Have you ever played Battleship? It's a game where 2 players put their ships on a grid and start guessing coordinates. If you guess a coordinate where your opponent's ship is located, that counts as a hit. Each ship takes up 3, 4, or 5 coordinates and once you've guessed all the coordinates of a ship, it's sunk. The commercial when I was kid had the kid on the losing side exclaim, "You sunk my battleship!". Good times, good times.
This is part 2 in a series. If you have no idea why I'm talking about board games from the 1980's, start with Part 1.
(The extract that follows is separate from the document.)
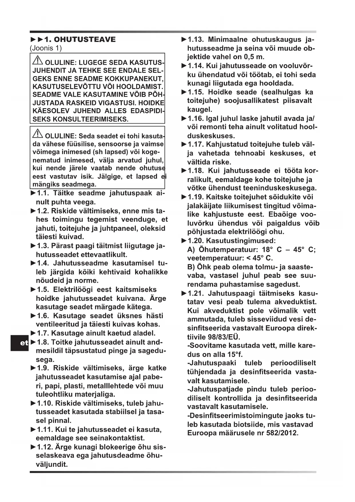 SEKS KONSULTEERIMISEKS. OLULINE: Seda seadet ei tohi kasuta- da vähese füüsilise, sensoorse ja vaimse võimega inimesed (sh lapsed) või koge- nematud inimesed, välja arvatud juhul, kui nende järele vaatab nende ohutuse eest vastutav isik. Jälgige, et lapsed ei mängiks seadmega. ►1.1. Täitke seadme jahutuspaak ai- nult puhta veega. ►1.2. Riskide vältimiseks, enne mis ta- hes toimingu tegemist veenduge, et jahuti, toitejuhe ja juhtpaneel, oleksid täiesti kuivad. ►1.3. Pärast paagi täitmist liigutage ja- hutusseadet ettevaatlikult. ►1.4. Jahutusseadme kasutamisel tu- leb järgida kõiki kehtivaid kohalikke nõudeid ja norme. ►1.5. Elektrilöögi eest kaitsmiseks hoidke jahutusseadet kuivana. Ärge kasutage seadet märgade kätega. ►1.6. Kasutage seadet üksnes hästi ventileeritud ja täiesti kuivas kohas. ►1.7. Kasutage ainult kaetud aladel. ►1.8. Toitke jahutusseadet ainult and- mesildil täpsustatud pinge ja sagedu- sega. ►1.9. Riskide vältimiseks, ärge katke jahutusseadet kasutamise ajal pabe- ri, papi, plasti, metalllehtede või muu tuleohtliku materjaliga. ►1.10. Riskide vältimiseks, tuleb jahu- tusseadet kasutada stabiilsel ja tasa- sel pinnal. ►1.11. Kui te jahutusseadet ei kasuta, eemaldage see seinakontaktist. ►1.12. Ärge kunagi blokeerige õhu sis- selaskeava ega jahutusdeadme õhu- väljundit. ►1.13. Minimaalne ohutuskaugus ja- hutusseadme ja seina või muude ob- jektide vahel on 0,5 m. ►1.14. Kui jahutusseade on vooluvõr- ku ühendatud või töötab, ei tohi seda kunagi liigutada ega hooldada. ►1.15. Hoidke seade (sealhulgas ka toitejuhe) soojusallikatest piisavalt kaugel. ►1.16. Igal juhul laske jahutil avada ja/ või remonti teha ainult volitatud hool- duskeskuses. ►1.17. Kahjustatud toitejuhe tuleb väl- ja vahetada tehnoabi keskuses, et vältida riske. ►1.18. Kui jahutusseade ei tööta kor- ralikult, eemaldage kohe toitejuhe ja võtke ühendust teeninduskeskusega. ►1.19. Kaitske toitejuhet sõidukite või jalakäijate liikumisest tingitud võima- like kahjustuste eest. Ebaõige voo- luvõrku ühendus või paigaldus võib põhjustada elektrilöögi ohu. ►1.20. Kasutustingimused: A) Õhutemperatuur: 18° C – 45° C; veetemperatuur: < 45° C. B) Õhk peab olema tolmu- ja saaste- vaba, vastasel juhul peab see suu- rendama puhastamise sagedust. ►1.21. Jahutuspaagi täitmiseks kasu- tatav vesi peab tulema akveduktist. Kui akveduktist pole võimalik vett ammutada, tuleb sisseviidud vesi de- sintseerida vastavalt Euroopa direk- tiivile 98/83/EÜ. -Soovitame kasutada vett, mille kare- dus on alla 15°f. -Jahutuspaaki tuleb perioodiliselt tühjendada ja desintseerida vasta- valt kasutamisele. -Jahutuspatjade pindu tuleb perioo- diliselt kontrollida ja desintseerida vastavalt kasutamisele. -Desintseerimistoimingute jaoks tu- leb kasutada biotsiide, mis vastavad Euroopa määrusele nr 582/2012.et ►►2. LAHTIPAKIMINE ►2.1. Eemaldage kõik jahutusseadme pakkimiseks ja saatmiseks kasutatavad pakkematerjalid ning kõrvaldage need vastavalt kehtivatele eeskirjadele. ►2.2. Eemaldage kõik kaubad pakendilt. ►2.3. Kontrollige, kas transportimisel on tekkinud kahjustusi. Kui jahutusseade tundub olevat kahjustatud, teatage sel- lest kohe edasimüüjale, kellelt see os- teti. ►►3. KOKKUPANEK Jahutusseade on varustatud õhukanali- te komplekti ja ratastega, mis hõlbustavad seadme käitlemist. Sõltuvalt mudelist kõik komponendid on juba paigaldatud või tuleb need paigaldada. Seadme komponendid koos vastavate kinnitusvahenditega asuvad pakendis (Joonis 2).

Battleship taught me most of what I need for troubleshooting. I have a bounded set of possibilities, I only get a certain number of attempts, and there's an uncomfortable period during each attempt when something bad may happen to me. When playing Battleship, you can simply guess at random, or you can employ a directed strategy. The same is true in troubleshooting. If you're all over the place, sometimes you'll get lucky and sometimes you'll miss for what seems to be an eternity.
As you're implementing your search strategy, it possible to become too focused. In the game, for example, it makes little sense to test a coordinate immediately adjacent to your previous guess since the ships are at least 3 units long. Better to space out the testing and then "walk it in" by focusing in the surrounding area once you get a hit. The same is true in troubleshooting. If each test run is simply a close variation on the previous hypothesis, you're in for a long night. If, however, you take a wider approach and test based on variations that are reasonably separated, you have a much better chance of getting a hit, and then you can hyper-focus on the surrounding areas.
I seem to recall that Battleship was never as much fun as I thought it should be. When you think about it, there isn't all that much excitement and it doesn't have much to do with the Navy. Troubleshooting: same story. It's one of those things that you do that has its ups and downs, but overall you kind of wish you had done something else instead.
The point here is that when you're confronted by a troubleshooting problem, don't just fire at random and hope that you get a hit. Approach it with a plan, execute, and as you get some success then focus on that area for all it's worth.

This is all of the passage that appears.